More people may be diagnosed with familial hypercholesterolemia (FH) using criteria contained in a new scientific statement published by the American Heart Association. The expanded definition could also mean more patients will be eligible to receive expensive cholesterol-lowering drugs, including the new PCSK9 inhibitor drugs, (Repatha from Amgen and Praluent from Sanofi/Regeneron).
But the biggest impact might be to increase the market for two other extremely expensive drugs approved exclusively for use in the rare but often extremely serious condition of homozygous FH, Juxtapid (lomitapide, Aegerion) and Kynamro (mipomersen, Genzyme). For these drugs even a small increase in eligible patients could have an enormous impact, since the drugs have a sticker price between $150,000 and $250,000 a year (though the actual cost may often be lower).
Samuel Gidding (Thomas Jefferson University Hospital), the chairman of the committee that wrote the scientific statement, said that the committee did not intend to expand the clinical definitions of FH: “We wished to provide a “road map” among clinical criteria, genetic testing results, and the “hopefully” future ICD-10 codes to help providers. We also wanted to make a strong statement in favor of LDL-c level as a driver of treatment intensity as opposed to requiring genotypic proof of homozygosity.
But Marilyn Mann, a respected and highly knowledgeable FH patient advocate, is concerned about the new AHA statement. “The diagnostic criteria for heterozygous and homozygous FH proposed in the AHA scientific statement will increase the number of people diagnosed with FH, but I’m worried that a lot of those people won’t actually have FH. Could lead to some good, but also some not so good. They seem to have opted for high sensitivity but low specificity. You could have people with age-related and lifestyle-related LDL elevations get diagnosed with FH.”
The new criteria for heterozygous FH sets an LDL level of at least 190 mg/dL for adults who have a similarly affected first-degree relative, premature coronary artery disease, or a positive genetic test. According to Mann, 3% of the population has LDL levels over 190 mg/dL level, but, she points out, “less than 1% of the population has FH. You could have docs diagnosing people with HeFH or HoFH solely so that their insurance will cover a medication, such as PCSK9 inhibitors. That could be very confusing for patients.”
For homozygous FH the AHA statement establishes 400 mg/dL as the new lower level, but, observes Mann, “traditionally 500 mg has been the LDL level for a clinical diagnosis of HoFH. They are lowering it to 400 to capture people with 1 or 2 FH mutations who have levels in the 400s, so that those people can get lomitapide or mipomersen.”

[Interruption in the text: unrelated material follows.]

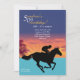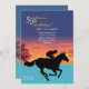 Faites de cet événement une occasion spéciale en invitant les invités à cette invitation unique. Le magnifique arrière - plan est doté d'une silhouette de cheval et de jockey qui traverse la carte.La carte est facile à customiser avec votre libellé, police, couleur de police et choix de six types de papier.
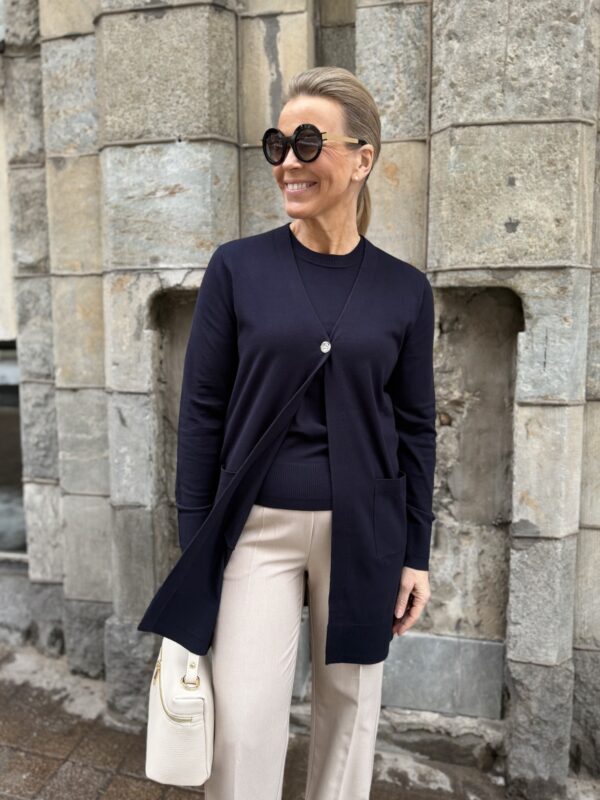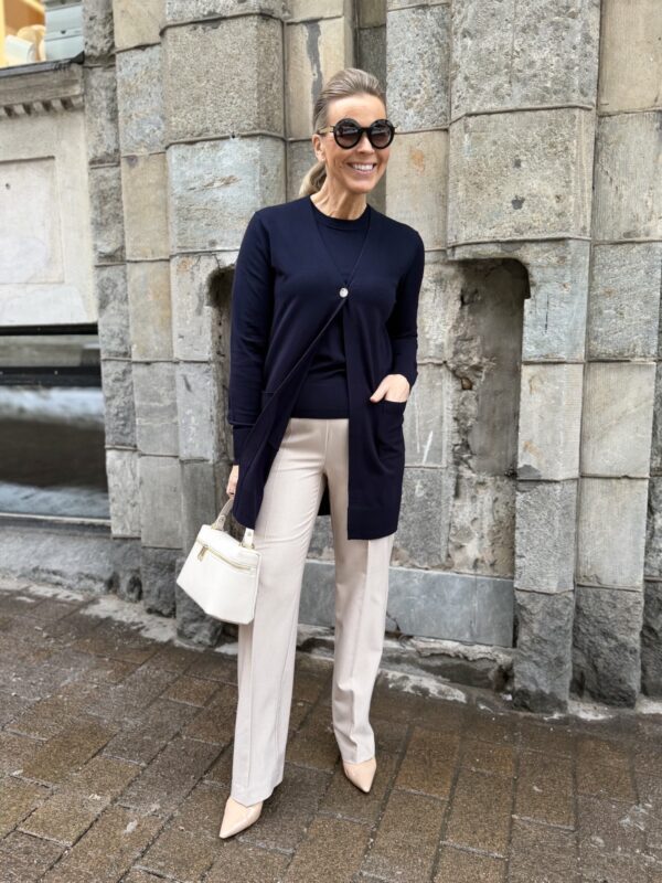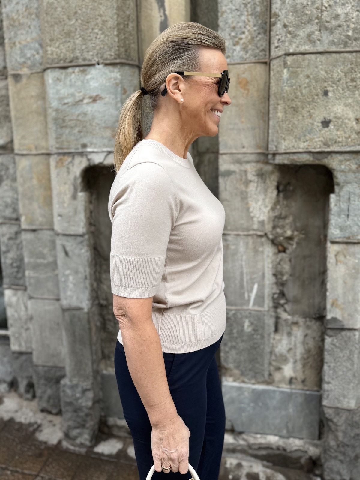 Miko lyhythihainen neule on pehmoinen, jousta ja ohuehko neule. Neuleessa on O-kaula-aukko. Hihat ovat hieman pidemmät, ne ylettyvät kyynerpäiden yläpuolelle. Malliltaan neule on suora ja sen helmassa on joustava resori. Neule ylettyy lantiolle. Katalla on neuleesta päällä koko S. Neule vastaa normaalia kokoa.

James Stein (University of Wisconsin) agrees with Mann’s concerns:
“If you change the definition of the disease so the threshold for diagnosing it is lower, you increase the risks of (i) mislabeling people and (ii) creating more ‘diseased’ people. As important, you inevitably will pick up less sick people and therefore lower the risk of having the disease, especially when a disease is heterogeneous, like FH. Indeed, FH is so heterogenous in its phenotype, genotype, and penetrance, I’d argue we should get rid of the diagnosis altogether. Even the name is bad – ‘familial hypercholesterolemia’- it sounds like everyone with a family history of high cholesterol has it or is at risk for it, when it is a rather uncommon disorder. But more important, it is the phenotype, not the genotype that drives risk of FH, so the need for genetic testing (other than for genetic counseling) remains very unclear to me. I have been a lipid doc for nearly 20 years and never once said, about a high cholesterol patient, that “I really need to know the gene this patient has” in order to optimally treat him or her.”

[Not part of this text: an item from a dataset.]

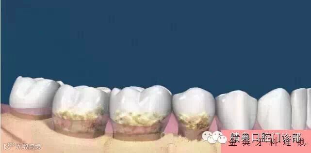 图片六、牙龈以下的牙结石得寸进尺,越来越多,扩大地盘,这进一步刺激牙槽骨,导致大量的牙槽骨向下退缩,牙槽骨遭到破坏,牙根露出更明显。

Many people who are prescribed statin “pills” won’t take them for a number of reasons.
All the treatments mentioned above, except one, are injectable.
Seems unlikely patients will give themselves or their children regular injections if they didn’t think they really needed it.

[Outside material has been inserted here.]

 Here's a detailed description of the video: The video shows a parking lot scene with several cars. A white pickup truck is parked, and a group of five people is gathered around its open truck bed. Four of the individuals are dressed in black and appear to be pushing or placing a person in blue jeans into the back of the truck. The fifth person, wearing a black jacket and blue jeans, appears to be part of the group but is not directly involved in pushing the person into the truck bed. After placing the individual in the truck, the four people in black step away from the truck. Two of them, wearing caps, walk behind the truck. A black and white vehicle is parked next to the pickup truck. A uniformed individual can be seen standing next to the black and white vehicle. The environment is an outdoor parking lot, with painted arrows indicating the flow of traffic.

Please make sure we don’t lose the FH patients’ perspective of needing numerous treatment options, by trying to create a debate over economics.
Really: “and never one said ‘I really need to know the genes I have’ ”
Is it not beneficial to gene test heterozygot FH patients to clarify their type and nr of mutations? the ones with Pcsk9 mutations get pcsk9 inhibitors and the “others” can be further assessed if statins are the first line of treatment?
Exactly how is it beneficial to know this? What would anyone do differently based on this knowledge?
Hi Larry, so you say there is no evidence that patients with a PCSK9 mutation would benefit more if PCSK9 inhibitors are prescribed or added than FH patients with other mutations? I was lead by intuition that you uncover a defect and then you “repair” it but I might be completely off.